Sorry for the back and forth. I really just want to be able to use the GSAlign output further.

[hsinnan75]

Hi, thanks for the information. I've updated GSAlign. Now, the MAF is zero-based. Thank you!

[kingralph80]

Big thanks for supporting the tool. I will try the new version right away.

[kingralph80]

I check. Same error although the output looks different:

The line that caused the error: s qry_chr7 180451555 45989 - 180455515

Not sure I see the error. Does - strand means the start is the stop position? I doubled checked. The length of the chrom. 7 is 180455515.

[kingralph80]

The authors of mafToPSL at UCSC confirmed that maf MAF is a 0-based. In case of this error the MAF definition is:

start -- The start of the aligning region in the source sequence. This is a zero-based number. If the strand field is "-" then this is the start relative to the reverse-complemented source sequence (see Coordinate Transforms).

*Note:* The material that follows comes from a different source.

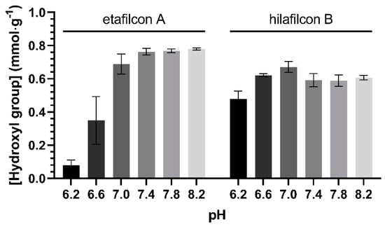 The hydroxyl group content in etafilcon A and hilafilcon B equilibrated in PBS solution (pH 6.2–8.2).
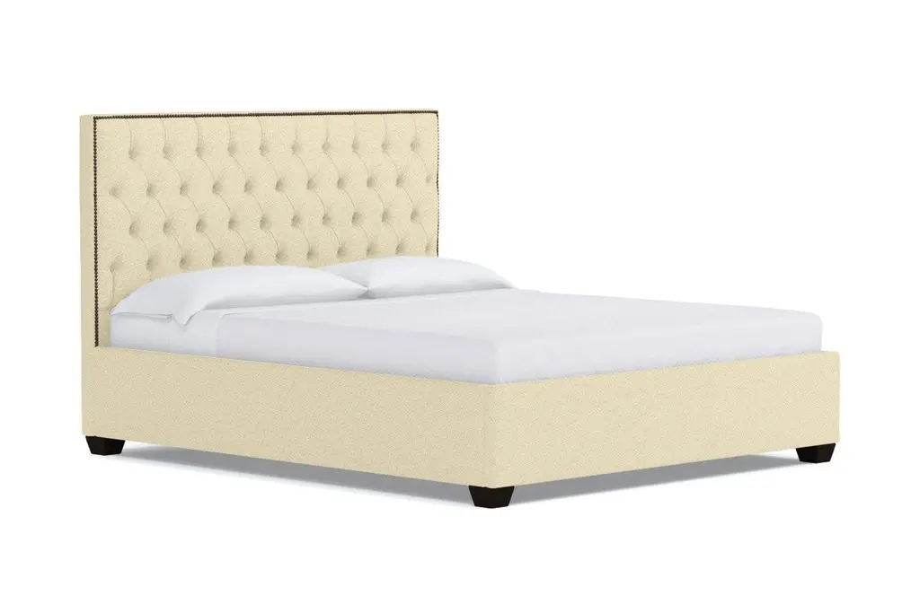 The Huntley Drive Upholstered Bed is an expertly-crafted bed that features an ornate button tufted headboard with a rustic antique nailhead trim. The lavish qualities of the Huntley Drive are balanced out with a contemporary and clean low profile base. The Huntley Drive Upholstered Bed comes in a Full Size, Queen Size, King Size, and California King. This bed does require a box spring for your mattress to achieve proper support. The Huntley Drive is the perfect bed for adding a touch of glamour and class to your apartment or your home. It's also one of our fantastic Apt2B products that's built to order in our downtown Los Angeles factory where it is upholstered in any of our quality line of pet friendly and kid friendly fabrics. The Huntley Drive Upholstered Bed is sure to give you sweet dreams.

So the way I understand this should the alignment not read: s qry_chr7 180405566 45989 - 180455515

180451555 - 45989 = Start position and - strand indicates its reverse complement?

[hsinnan75]

Thanks for the information. And yes, the "-" indicates the reverse-complemented strand.

[kingralph80]

Dear Hsinnan,

your latest commit solved this reported issue. Thanks a lot for fixing and support your great tool.